Evidently, the cost function must be such that the alignment of amino acids ${A}_{i}^{(1)}$ and ${A}_{j}^{(2)}$ is favoured if the associated profile components ${c}_{i}^{(1)}$ and ${c}_{j}^{(2)}$ are similar, so that the cost increases if aligned components are more different. Inserting a gap is penalized in two different ways. First, the chain in which the gap is inserted needs to be broken. From a structural point of view this is equivalent to a disruption of a number of contacts, which is less likely in parts of the chain that are more highly connected, since more contacts have to be broken. With a second penalty we model that it is less likely that the inserted chain part (that is opposite to the gap) is very highly connected to the rest of the structure because a higher number of contacts imposes stronger steric constraints.

The entangled use of these 'break' and 'insert' contributions to the gap penalty models the inherent ignorance of whether a gap in the alignment was caused by the deletion of a fragment from one chain during evolution, or by the insertion of a fragment in the other chain.

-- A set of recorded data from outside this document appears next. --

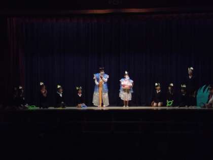 2年生(9:30〜9:50)「ザリガニたんけんたい」。教室で飼われていたザリガニ達がお腹をすかせて逃げ出しました。途中で金魚やオタマジャクシに会い、故郷をめざします。そこに思わぬ敵が……。無事にザリガニ達は旅を続けられるでしょうか。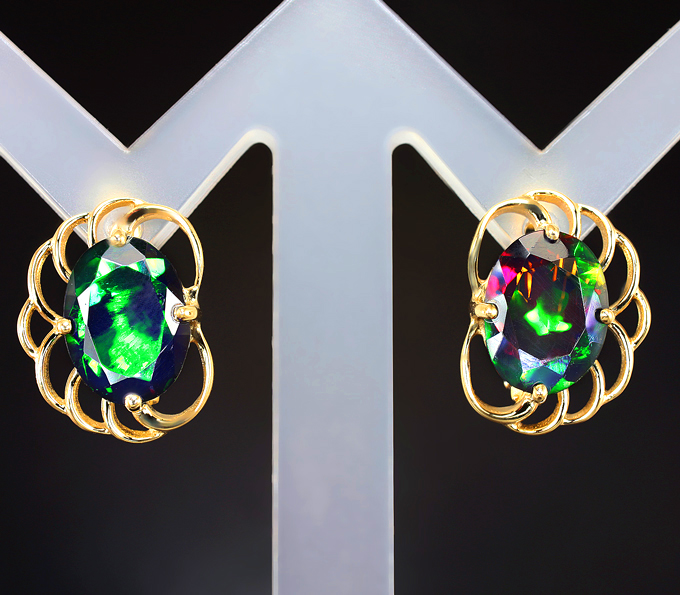 Вашему вниманию предлагаются серьги из желтого золота 585 пробы с ограненными черными опалами! Основные цвета опалесценции: красный, желтый и зеленый. Площадка серег 16 х 12 мм. Вес пары 4 г. Ниже приводятся ювелирные характеристики вставок.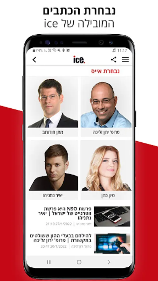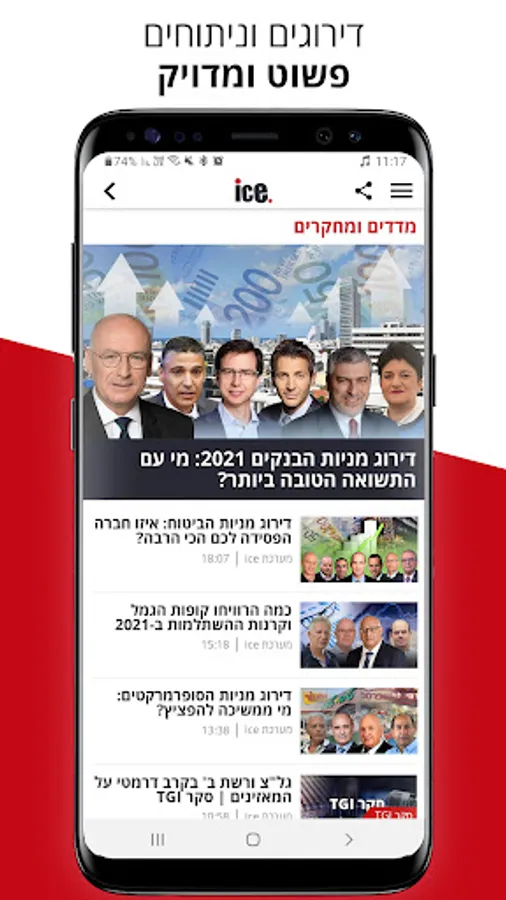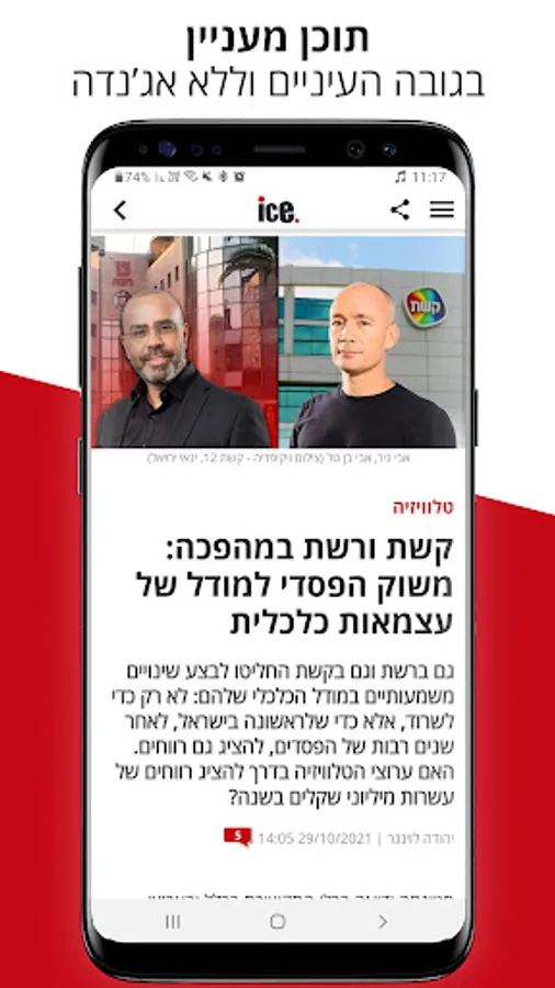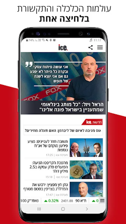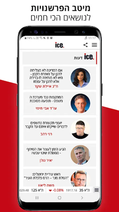 The ice app advocates journalistic writing at the highest level which is aimed at truth and has no political agenda. So what are you waiting for? Download ice and you will get a comprehensive picture of the public and economic agenda in Israel and around the world.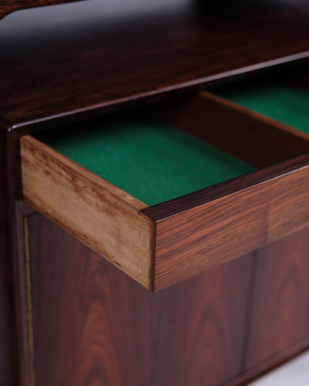 barskab fra Dyrlund, udført i palisander med sort formika og håndtag i massiv palisander. Skabet er monteret på hjul for nem mobilitet og har en foldbar plade, der kan udvide bredden fra 86 cm til 142 cm. Kombinationen af eksklusive materialer og funktionelt design gør dette barskab til et klassisk eksempel på dansk møbelhåndværk fra 1960’erne.— Oprindelse: Danmark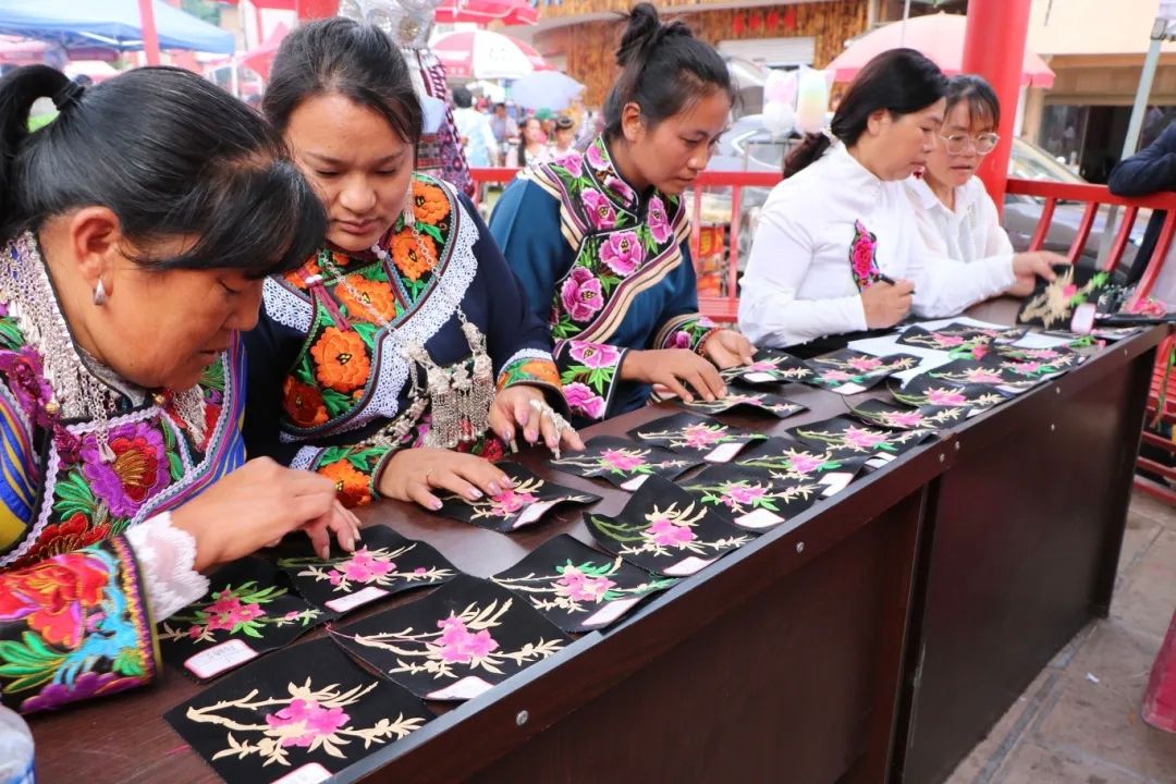 三是汇聚多元力量,打造协同共治营商生态。引入摩尔农庄签订有机核桃产业发展协议,通过“企业+基地+农户”模式提升产品附加值,依托商会平台打造 “生态 +产销” 破局模式,推动发窝冬桃、火腿、野生菌、胡蜂等特色产品销往楚雄、昆明等地。创新“会+节庆经济”模式,承办桃花节、“六月六”、彝族年等活动,组织斗牛、酒歌赛、长街宴等特色项目,年吸引游客超10万人次,拉动消费与市场主体培育双赢。培养非遗传承人4名、少数民族代表120名。国家级彝族酒歌传承人余学光、苗族刺绣代表张艳等成为文化品牌代言人,推动非遗技艺向市场产品转化。

A detailed description of the path cost function and the parameters used can be found in the Methods section below.

Being equipped with a cost function, the cheapest path can be selected through very efficient standard algorithms. Here we used Dijkstra's shortest path algorithm [12], but dynamic programming algorithms, like Smith-Waterman [13] or Needleman-Wunsch [14] would have been equally applicable.

Up to this point our alignment algorithm does not use any other information besides of that encoded into the structural representation and the scoring function. The results presented below show that the algorithm is able to identify significant similarities in around 95% of the alignments of distant relatives from the test set discussed below.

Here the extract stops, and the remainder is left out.